A Fear of Hypoglycaemia
In the Chatwin et al study, the most common psychological consequence of hypoglycaemia was higher incidence of fear of hypoglycaemia. Past research has shown that fear of hypoglycaemia is associated, not only with frequency and severity of episodes, but also with the level of trauma resulting from the episode.3,4 Only one study has directly compared the impact of a history of severe hypoglycaemia to that of fear of hypoglycaemia. This study showed that, in parents of children with T1D, fear of hypoglycaemia rather than the occurrence of severe hypoglycaemia itself, was the main factor associated with QoL reductions.2 Similar findings would likely be found for adults with T1D.
The Chatwin et al.1 paper provides insight into the different aspects of QoL that appear to be affected by hypoglycaemia and raises awareness concerning gaps in our scientific understanding and the need for more educational and psychobehavioral interventions to help individuals better manage and cope with hypoglycaemia. The IHSG is committed to working toward these goals and collaborating with groups like Hypo-RESOLVE to improve QoL for people living with diabetes and the threat of hypoglycaemia. The IHSG has developed tools to identify individuals who are at higher risk for severe hypoglycaemia and resources to educate and help health care providers and their patients to manage and reduce this risk. Clinicians and people with diabetes are invited to use these tools to improve quality of life and other complications that arise from hypoglycaemia incidents.

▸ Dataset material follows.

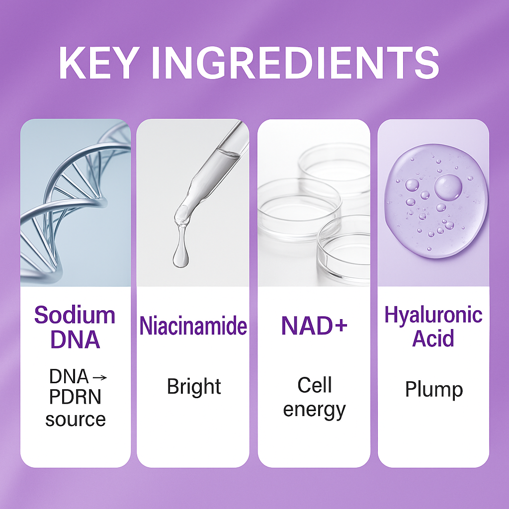 Ingredients:Aqua,Glycerin,Propylene Glycol,Bifida Ferment Filtrate,Betaine,Niacinamide,Trehalose,Sodium DNA,Phenoxyethanol,Carbomer,Nicotinamide Adenine Dinucleotide,Acetyl Hexapeptide-8,Copper Tripeptide-1,Hyaluronic Acid,Palmitoyl Pentapeptide-4,Palmitoyl Hexapeptide-12

- Chatwin H, Broadley M, Speight J, Cantrell A, Sutton A, Heller S, de Galan B, Hendrieckx C, Pouwer F; Hypo-RESOLVE Consortium. The impact of hypoglycaemia on quality of life outcomes among adults with type 1 diabetes: A systematic review. Diabetes Res Clin Pract. 2021 Apr;174:108752. doi: 10.1016/j.diabres.2021.108752. Epub 2021 Mar 17. PMID: 33722700.
- Johnson SR, Cooper MN, Davis EA, Jones TW. Hypoglycaemia, fear of hypoglycaemia and quality of life in children with Type 1 diabetes and their parents. Diabet Med. 2013 Sep;30(9):1126-31. doi: 10.1111/dme.12247. Epub 2013 Jun 28. PMID: 23808967.
- Clarke WL, Gonder-Frederick A, Snyder AL, Cox DJ. Maternal fear of hypoglycemia in their children with insulin dependent diabetes mellitus. J Pediatr Endocrinol Metab. 1998 Mar;11 Suppl 1:189-94. doi: 10.1515/jpem.1998.11.s1.189. PMID: 9642659.
- Gonder-Frederick LA, Schmidt KM, Vajda KA, Greear ML, Singh H, Shepard JA, Cox DJ. Psychometric properties of the hypoglycemia fear survey-ii for adults with type 1 diabetes. Diabetes Care. 2011 Apr;34(4):801-6. doi: 10.2337/dc10-1343. Epub 2011 Feb 23. PMID: 21346182; PMCID: PMC3064031.